Russia being Russia, the officials delayed our going ashore by almost an hour while they examined all of our passports.  I assume they were eventually offered a suitable bribe.  While we waited on deck, we observed a man in a very well tailored suit get out of a very expensive looking car.  He observed everything taking place near the ship and took notes. The current equivalent of the KGB?  No ship's passengers would be allowed ashore except on an officially organized tour unless they had applied for and received a Russian visa ($500) before boarding the ship. Even then, I believe they would have to have an official escort.  Russians are naturally suspicious of outsiders.  Here they were especially careful because Murmansk only exists as a major city because of the nearby military bases.  Of course, no one mentioned the military bases during our visit to the port.  Our tour guide told us that Murmansk residents all make their living from the fishing industry. Really? OK, the fishing industry is real but not big enough to support a population of 300,000.

Our tour included the city sights, such as they were, and a visit to the "Oceanarium."  The city seemed to be drab grey and not well maintained. Even the main streets had potholes.  Ninety-nine percent of the people live in apartment blocks: decaying Stalinist apartment blocks had some pretension to style in a monolithic way; Khrushchev era apartments just looked cheap and small while Brezhnev era housing units are a bit larger but still ultra utilitarian.  Many of the older units appeared to have been abandoned.  The only new construction was a gleaming white Russian Orthodox church.  We also visited a post WW II monument to the heroes of the war.  It was a BIG monument, possibly the tallest structure in the city.

The Oceanarium had been advertised to us as a research center for studying seals that offered a demonstration of their skills.  In reality, it was a charming, if run down, children's entertainment venue. Seven seals performed tricks in a small pool.  The animals appeared well treated and their handlers clearly had great affection for them.  There was no indication of any research done there unless one calls teaching trained seals tricks research.  The Murmansk tourism officials were showing us the best that they had.

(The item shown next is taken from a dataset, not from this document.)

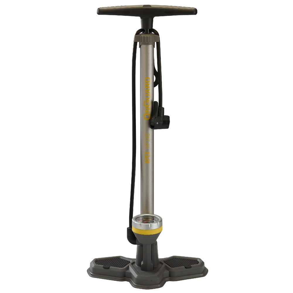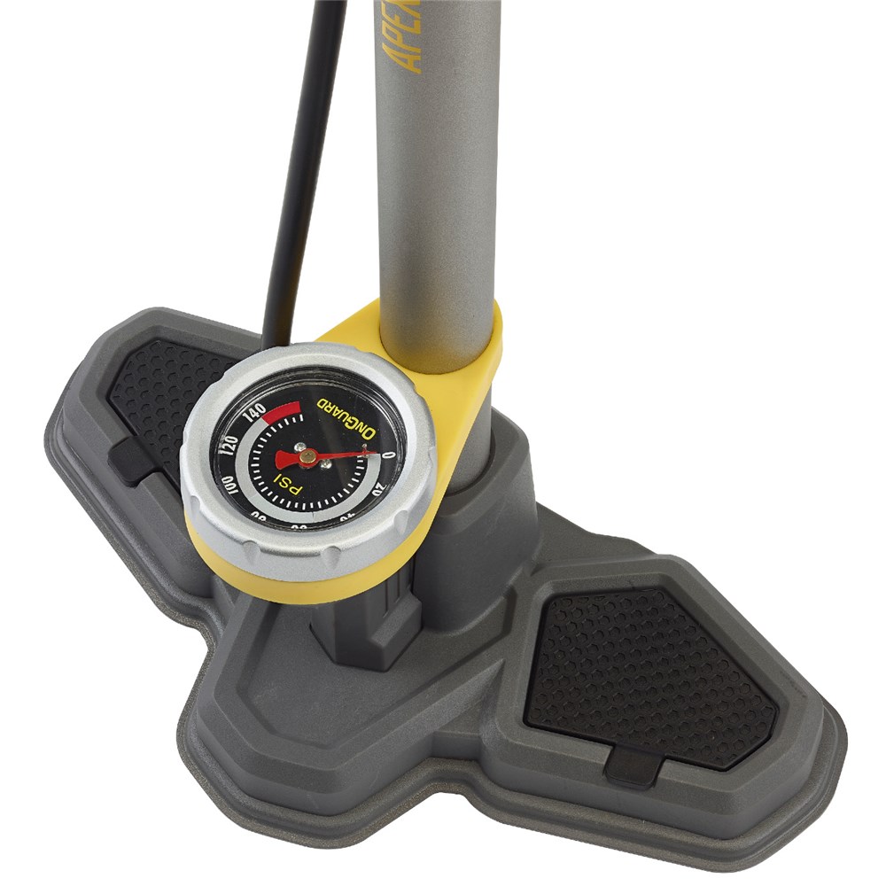 Capable of delivering up to 140psi, this floor pump ensures your tyres are always perfectly inflated for peak performance. This floor pump features a dual pump head compatible with both Presta and Schrader valves, providing versatility and ease of use. Its high-volume capacity allows for quick and efficient inflation, making it an essential tool for every cyclist. Built witha sturdy base and built-in compartment for the included ball needles, and an ergonomic handle for stability and ease during use. The integrated pressure gauge offers accurate readings, ensuring you can achieve the precise pressure needed for your ride.

We waited for Silver Cloud's departure on deck aboard ship after the tour.  Murmansk harbor was littered with rusting, abandoned ships.  We docked next to a shipyard that did not seem to have anyone working although a number of ships needing repairs were parked there. There were some well-maintained red-hulled icebreakers painted with "Russian Atomic Fleet" in Cyrillic letters docked a short ways away. We watched the onshore watchers watching us. 

The Silver Cloud cast off a bit early and moved down the river toward the open sea. Michael and I likened Murmansk to Petropavlovsk, on the Kamchatka peninsula in far eastern Russia, which we visited in 2010.  It seems to have lost its spirit since the old USSR is gone.